Exercises on Array Shaping

Array Meta-data and dtype

Internally, NumPy arrays look like this:

Individual elements (scalars) have lightweight wrappers around them that treat them as single-element arrays.

In [44]:
# arrays have several pieces of meta-data, driven in part by the dtype of the array
def dumpArrayInfo(arr):
    print "%15s: %s" % ("shape", arr.shape)
    print "%15s: %s" % ("dtype", arr.dtype)                         
    print "%15s: %s" % ("size", arr.size)                           
    print "%15s: %s" % ("itemsize", arr.itemsize)                   
    print "%15s: %s" % ("size * itemsize", arr.size * arr.itemsize)

    
arr = np.arange(10)
dumpArray(arr)
dumpArrayInfo(arr)
(10,) array of int64:
[0 1 2 3 4 5 6 7 8 9]
          shape: (10,)
          dtype: int64
           size: 10
       itemsize: 8
size * itemsize: 80
In [ ]:
arr = np.arange(10.0).reshape(5,2)
dumpArrayInfo(arr)

And the dtype itself can be querried for information:

In [ ]:
def dumpDtypeInfo(dt):
    print "%15s: %s" % ("name", dt.name)
    print "%15s: %s" % ("byteorder", dt.byteorder)
    print "%15s: %s" % ("itemsize",  dt.itemsize)
    print "%15s: %s" % ("type", dt.type)

dumpDtypeInfo(arr.dtype)

Usually, we can get the right dtype through inference:

In [ ]:
arr1 = np.array([1,2,3])
arr2 = np.array([1, 2, 3.14150])

print "arr1 type: ", arr1.dtype
print "arr2 type: ", arr2.dtype

We can also manually specify a dtype in many array creation routines

In [ ]:
arr1 = np.array([1,2,3], dtype=np.float32)
dumpArray(arr1)

And we can convert dtypes with array.astype

In [ ]:
arr = np.arange(10)
dumpArray(arr)

converted = arr.astype(np.float_)
print "after converting types:"
dumpArray(converted)

FIXME both of these have weaknesses right now

One other set of information about arrays comes from the flags attribute

In [45]:
arr = np.arange(10)
print arr.flags
  C_CONTIGUOUS : True
  F_CONTIGUOUS : True
  OWNDATA : True
  WRITEABLE : True
  ALIGNED : True
  UPDATEIFCOPY : False

When a NumPy array is sliced, the slice is created with new dtype, shape, and stride information. However, the underlying data is referenced (not copied). We can determine if an array owns its own data via its array.flags.owndata attribute.

In [46]:
arr1 = np.arange(10)
arr2 = arr1[3:7]

print "arr1 owndata: ", arr1.flags.owndata
print "arr2 owndata: ",arr2.flags.owndata

# and what will happen if we write into arr2?
arr2[:] = 0
print "arr1 (after assigning into arr2):", arr1
arr1 owndata:  True
arr2 owndata:  False
arr1 (after assigning into arr2): [0 1 2 0 0 0 0 7 8 9]

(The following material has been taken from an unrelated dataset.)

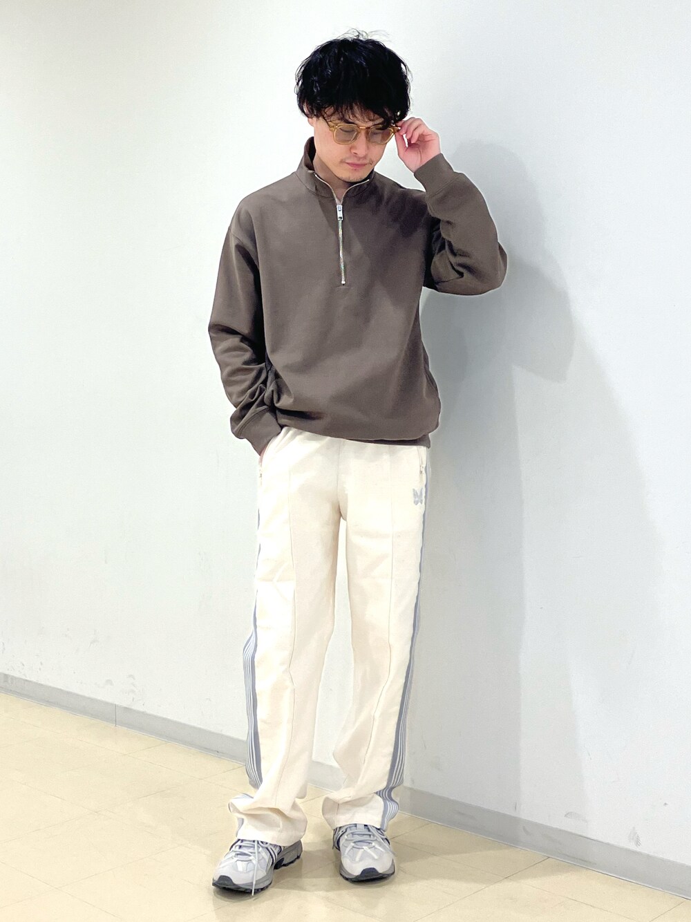 春の新作コーデ✨ ハーフジップのトップスに別注トラックパンツを合わせた休日のお出かけにオススメのコーデ^ ^

Universal Functions: ufuncs

NumPy ufuncs are functions that operate elementwise on one or more arrays.

When called, ufuncs dispatch to optimized C inner-loops based on the array dtype.

Built-in ufuncs

  • comparison: <, <=, ==, !=, >=, >
  • arithmetic: +, -, *, /, reciprocal, square
  • exponential: exp, expm1, exp2, log, log10, log1p, log2, power, sqrt
  • trig: sin, cos, tan, acsin, arccos, atctan, sinh, cosh, tanh, acsinh, arccosh, atctanh
  • bitwise: &, |, ~, ^, left_shift, right_shift
  • logical operations: and, logical_xor, not, or
  • predicates: isfinite, isinf, isnan, signbit
  • other: abs, ceil, floor, mod, modf, round, sinc, sign, trunc

Axis

Methods that reduce the information in (or summarize) an array (such as sum) take an optional parameter called axis which specifies the dimension over which to perform a reduction.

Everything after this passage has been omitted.